Beware of Inconsistency in Training and Hidden Fears

  • Beware of Inconsistency in Training and Hidden Fears

    Posted by Zvonimir on April 3, 2021 at 8:11 PM

    A reminder about the importance of consistency in training through a small personal experience/mishap. This is inevitable to happen within any family, so please read through if you have time.

    When I lived with parents I had several dogs at the same time, but unfortunately, my own family, wife and son, hadn’t. When we moved into our new house, where we could introduce a dog too, to my family it was a new experience. (Although it wasn’t for me.)

    The puppy quickly followed me and in a matter of several attempts, through play and fun, the puppy was answering to ‘sit’ and ‘high five’ whenever I asked – and without treats. That is how I work. It was cute seeing a small, cuddly, furry ball answering high five and doing the basics of obedience.

    However, my wife had a slight fear of dogs which she wanted to overcome.
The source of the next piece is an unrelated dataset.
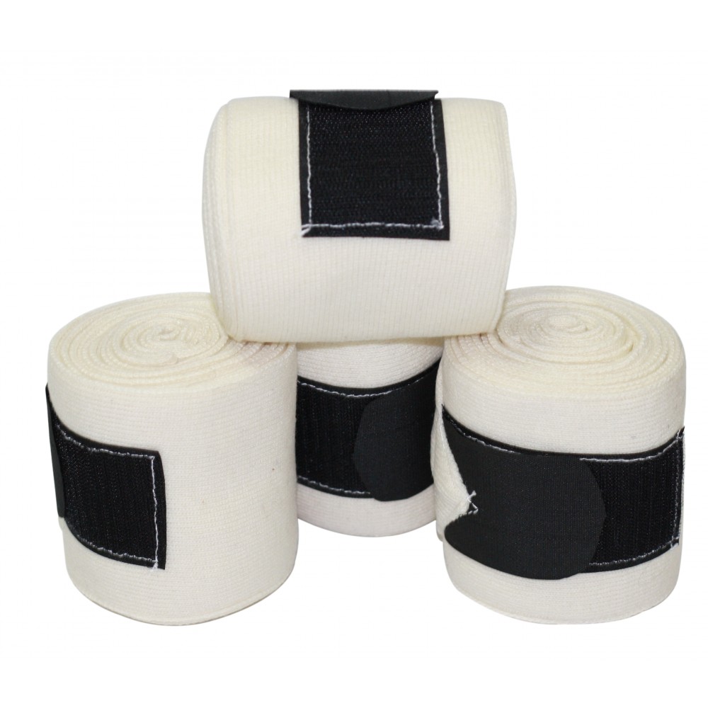 Soft knitted bandages with wide Velcro closure.
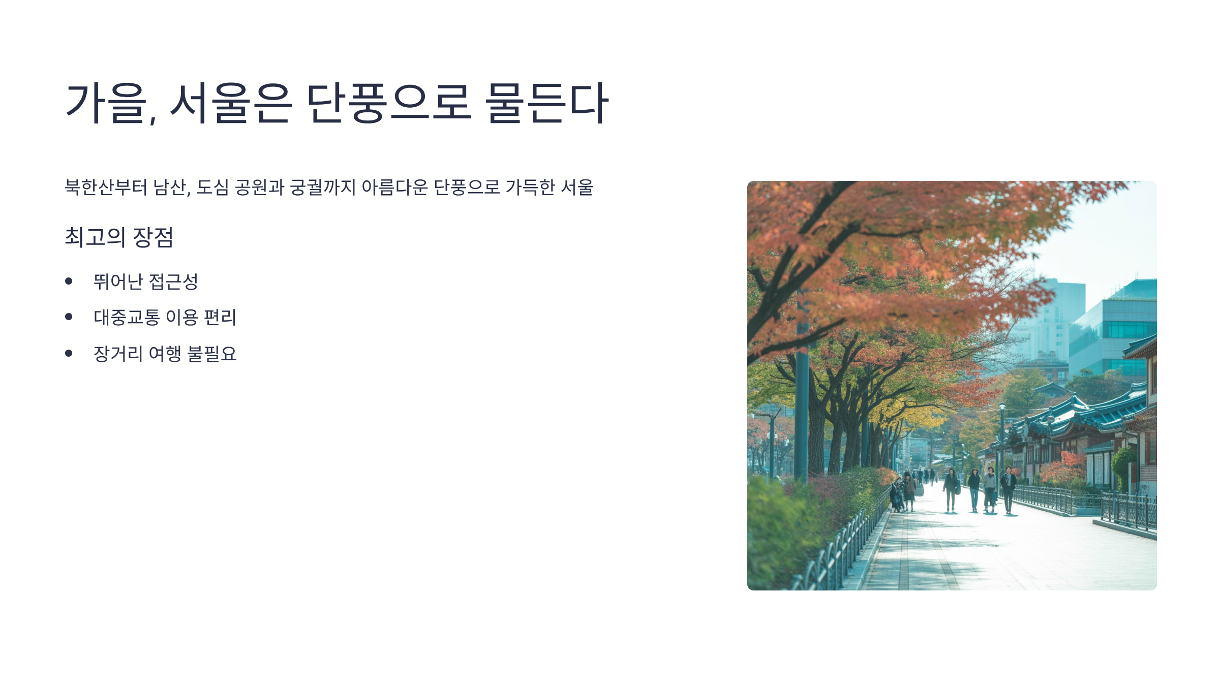 - 덕수궁 돌담길: 고궁의 고풍스러운 담벼락을 따라 은행나무와 단풍나무가 어우러져 서울에서 가장 낭만적인 단풍길로 손꼽힙니다.

As a child, she was bitten by a nearly blind, old shepherd dog; it was no serious would, but her emotional scar was deeper than the scar in her skin. To prevent the puppy from nipping (which she feared and exaggerated in her mind as it were mature dog bites), she opted for giving him treats — although we agreed we won’t do that. Without my knowledge, she proceeded to do it even for the simplest things during the play, like ‘sit’ and ‘high five’. And although the puppy (previously) happily responded each time without any treat. The result of her fear was that the puppy, in just a matter of days, refused to either sit, or offer a high five, or do anything when I asked without a bribe (without a treat). I saw something was wrong, then I asked …
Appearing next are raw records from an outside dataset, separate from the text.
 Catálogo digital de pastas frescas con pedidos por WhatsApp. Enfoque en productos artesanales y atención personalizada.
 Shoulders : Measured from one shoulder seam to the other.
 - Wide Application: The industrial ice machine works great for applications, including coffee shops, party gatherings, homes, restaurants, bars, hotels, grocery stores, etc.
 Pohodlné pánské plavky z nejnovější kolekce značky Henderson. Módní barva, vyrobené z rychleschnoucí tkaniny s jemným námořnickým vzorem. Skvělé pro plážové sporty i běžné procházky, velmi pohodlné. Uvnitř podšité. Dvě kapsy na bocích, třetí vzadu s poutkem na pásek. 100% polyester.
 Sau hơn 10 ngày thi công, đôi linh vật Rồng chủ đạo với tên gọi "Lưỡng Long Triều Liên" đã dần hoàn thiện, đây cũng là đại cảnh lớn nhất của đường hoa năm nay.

    Not only that, but the side-effect of her fear, and change in the agreement, was that the puppy began looking at her hand constantly, then nipping both her hands and her pockets far worse than before. The puppy figured out where the treats are (or could be hidden)!

    A slight departure from the established routine and the problems not only started, but immediately ESCALATED. Now, 5 weeks later, I still have the issue with those two simple commands (although sit is becoming better and biting is under control). The inconsistency and introduction of unnecessary methods — out of your own fear — will surely spoil your dog. If it goes on for a long while, you will have a messy dog, that receives different treatments from different members of the family and the dog will ignore — all of you.

    It prompted me to immediately find a fix and stop it from escalating. I introduced a third party – a professional dog trainer and behaviouralist, a man in business for several decades. What he says, goes, and everybody in the house then follows. (Although he uses similar methods I know, which I learned in tactical training in my youth), the real purpose of this was that inexperienced family members must be mentally trained, so to speak, not allowed to make their own rules but emulate exactly what they *paid for* (rather than what they got for free from me).

    When you get a dog, and if you want to have a good dog, you also open up a bag of history’s artefacts, and face unknown facets of human frailty, which you must deal with:

    1. Overcoming childhood fears,

    2. Overcoming unwarranted projection of those fears,

    3. Compromising the training routine,

    4. Required mental training of the family,

    5. Introducing a third party to set definite rules etc.

    But you must fix the problem, otherwise, it is unfair to the dog, and to your household.